The four RNA reads seem very likely not to be true HIV reads, since they map primarily to humans and other primates. The 58 DNA reads are more ambiguous; they do map to HIV, but also to a range of synthetic cloning vectors. On the other hand, I just now took a random slice from the HIV-1 genome and BLASTed it online, and it also mapped to cloning vectors; it’s just the case that a lot of people use lentiviruses as the backbones for their cloning vectors.

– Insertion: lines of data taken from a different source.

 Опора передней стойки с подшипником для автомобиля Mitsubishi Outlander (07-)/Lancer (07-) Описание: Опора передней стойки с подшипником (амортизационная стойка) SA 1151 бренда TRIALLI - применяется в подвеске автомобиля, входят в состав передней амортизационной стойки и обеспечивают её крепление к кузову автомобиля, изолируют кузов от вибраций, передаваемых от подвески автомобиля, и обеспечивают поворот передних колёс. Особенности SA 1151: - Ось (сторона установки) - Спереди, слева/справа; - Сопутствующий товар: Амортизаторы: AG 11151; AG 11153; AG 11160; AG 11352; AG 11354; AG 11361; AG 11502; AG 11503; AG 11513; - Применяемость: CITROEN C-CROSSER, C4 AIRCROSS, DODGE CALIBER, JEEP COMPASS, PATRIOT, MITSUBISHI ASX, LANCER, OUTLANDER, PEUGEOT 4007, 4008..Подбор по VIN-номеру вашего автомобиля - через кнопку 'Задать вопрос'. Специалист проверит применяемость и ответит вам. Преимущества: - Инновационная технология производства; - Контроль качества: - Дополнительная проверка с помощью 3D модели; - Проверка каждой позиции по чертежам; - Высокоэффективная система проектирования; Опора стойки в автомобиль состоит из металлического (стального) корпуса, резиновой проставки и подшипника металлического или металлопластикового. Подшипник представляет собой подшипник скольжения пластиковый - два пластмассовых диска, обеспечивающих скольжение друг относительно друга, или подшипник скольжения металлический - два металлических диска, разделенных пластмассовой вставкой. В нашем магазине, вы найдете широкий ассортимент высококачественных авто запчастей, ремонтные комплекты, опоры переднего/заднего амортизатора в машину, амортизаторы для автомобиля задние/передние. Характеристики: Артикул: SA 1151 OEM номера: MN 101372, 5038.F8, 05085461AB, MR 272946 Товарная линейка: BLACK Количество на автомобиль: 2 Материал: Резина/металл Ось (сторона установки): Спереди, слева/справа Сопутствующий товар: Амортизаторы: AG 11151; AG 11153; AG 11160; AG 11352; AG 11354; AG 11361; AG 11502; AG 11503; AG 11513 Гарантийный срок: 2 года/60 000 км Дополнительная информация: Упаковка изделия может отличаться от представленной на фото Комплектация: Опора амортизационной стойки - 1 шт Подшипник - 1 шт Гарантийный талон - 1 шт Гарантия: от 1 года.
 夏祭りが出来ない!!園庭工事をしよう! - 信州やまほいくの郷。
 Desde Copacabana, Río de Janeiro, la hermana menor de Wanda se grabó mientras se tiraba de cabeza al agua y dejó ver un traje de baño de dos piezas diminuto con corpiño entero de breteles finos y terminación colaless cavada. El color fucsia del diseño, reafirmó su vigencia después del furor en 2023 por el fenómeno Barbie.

This makes disambiguating whether or not these reads are “real” a bit tricky. The fact that they’re DNA rather than RNA makes me suspicious, as does the fact that so few of the reads apparently come from regions of the HIV genome not included in cloning vectors. On balance, I think these are probably not real HIV reads! But it’s hard to be highly confident one way or the other.

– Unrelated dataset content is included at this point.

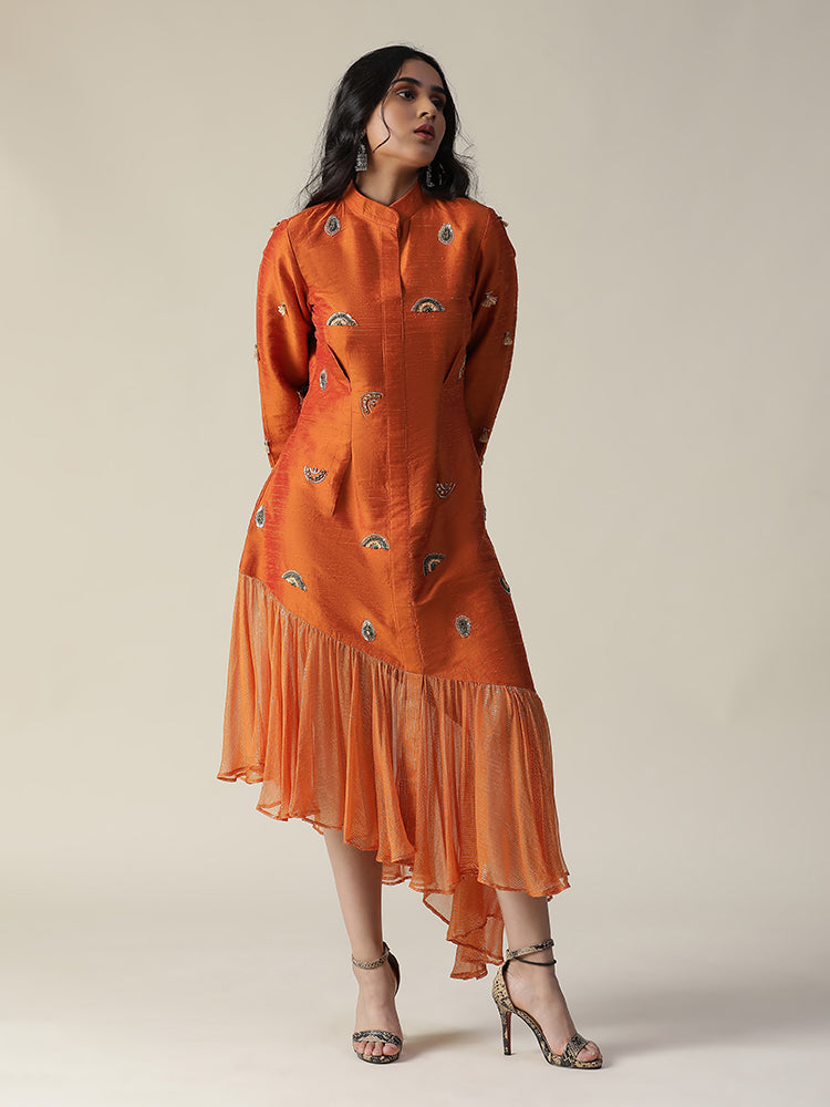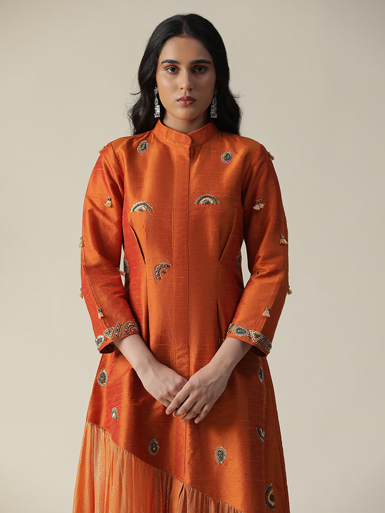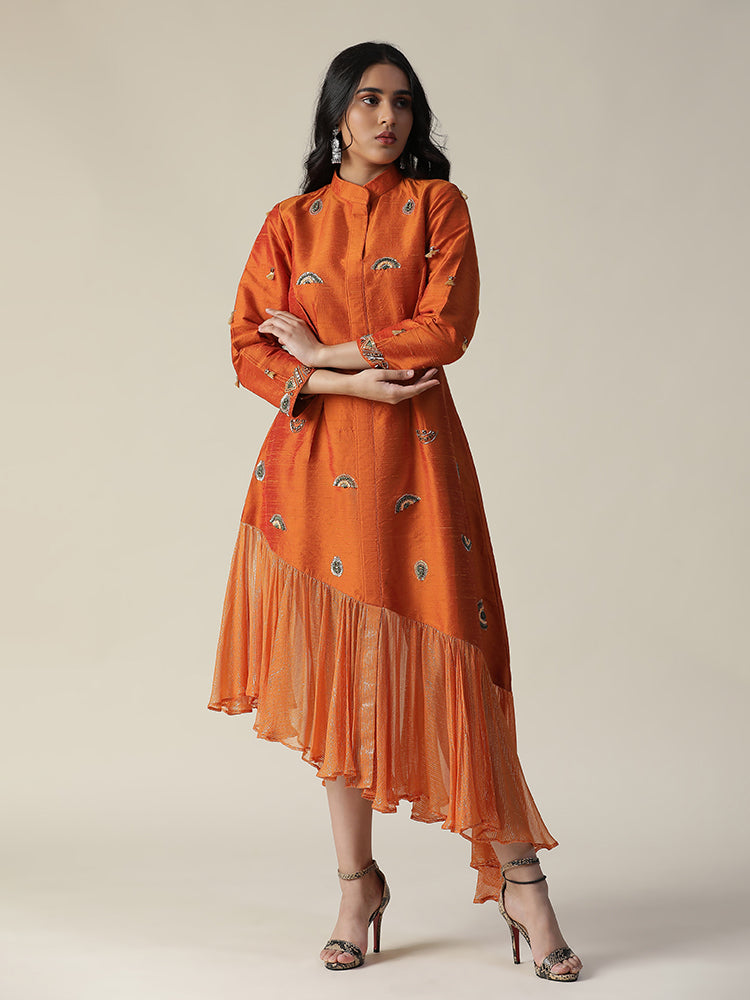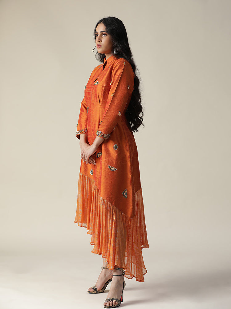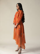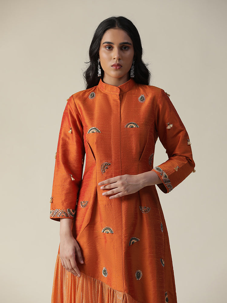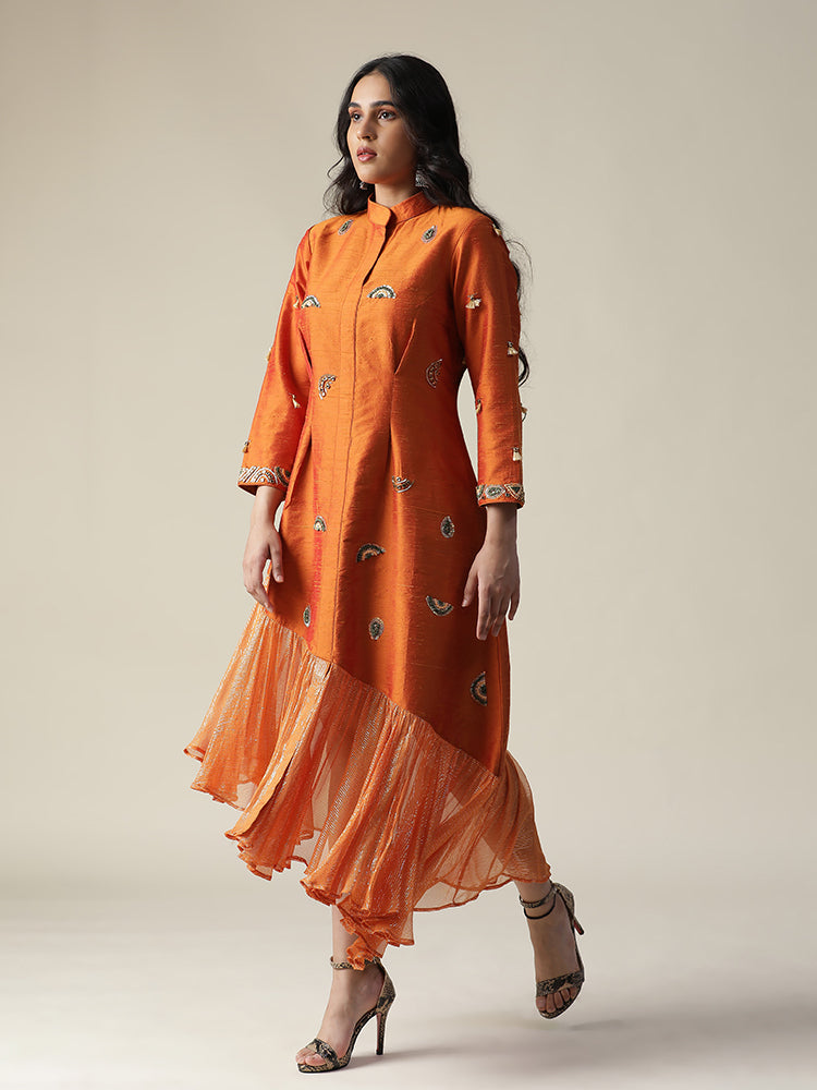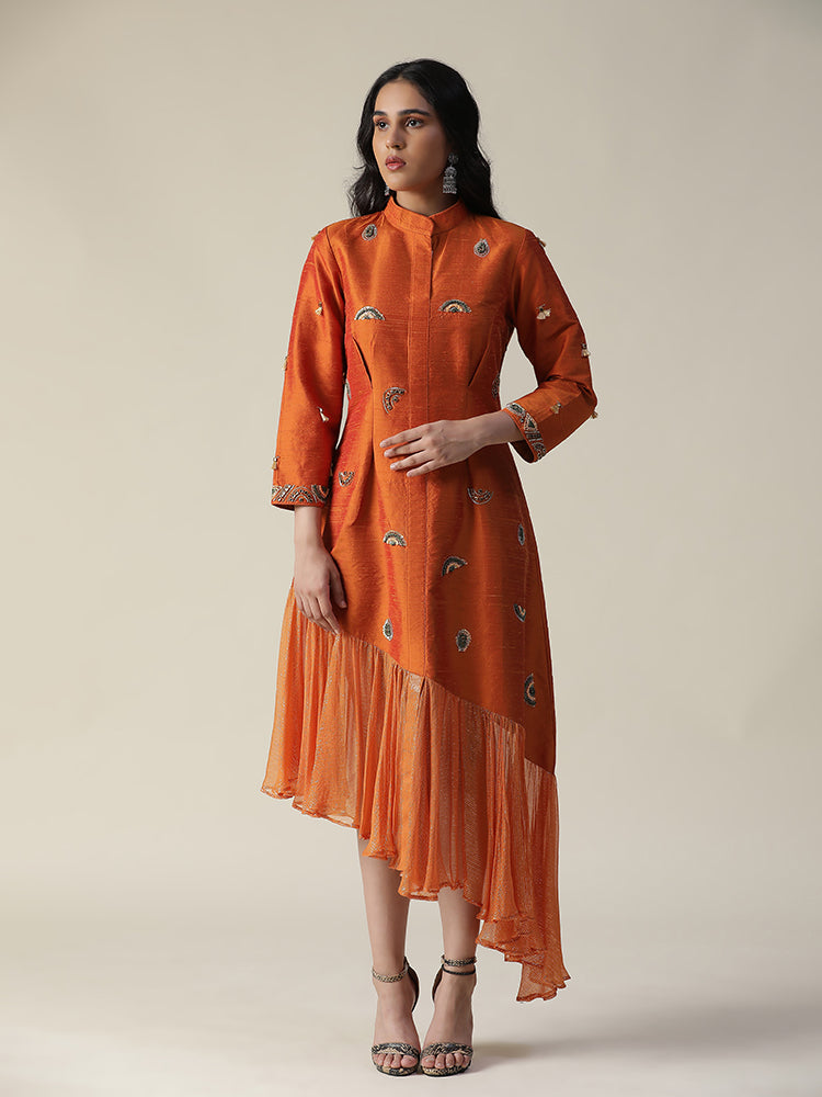 Description: Featuring our burnt orange raw silk tunic. Comes with unique styled gathers/flare of organza at the hemline. stones, sequence works all over the dress and tassels on sleeves (3/4th sleeve). The dress made of a lightweight fabric, possibly raw silk, and features embroidery details on the front and possibly sleeves. The model is wearing it with heels, giving the outfit a stylish and elegant look.

If we decide to treat these reads as artifacts arising from contamination with cloning vectors, what do we do about it? Just removing any read that matches a lentiviral cloning vector seems like a risky strategy when these vectors share so much sequence with real viruses. For now, I’ll leave my contamination database as it is and continue checking HIV reads manually. But I’ll need to develop a better solution to this sooner or later.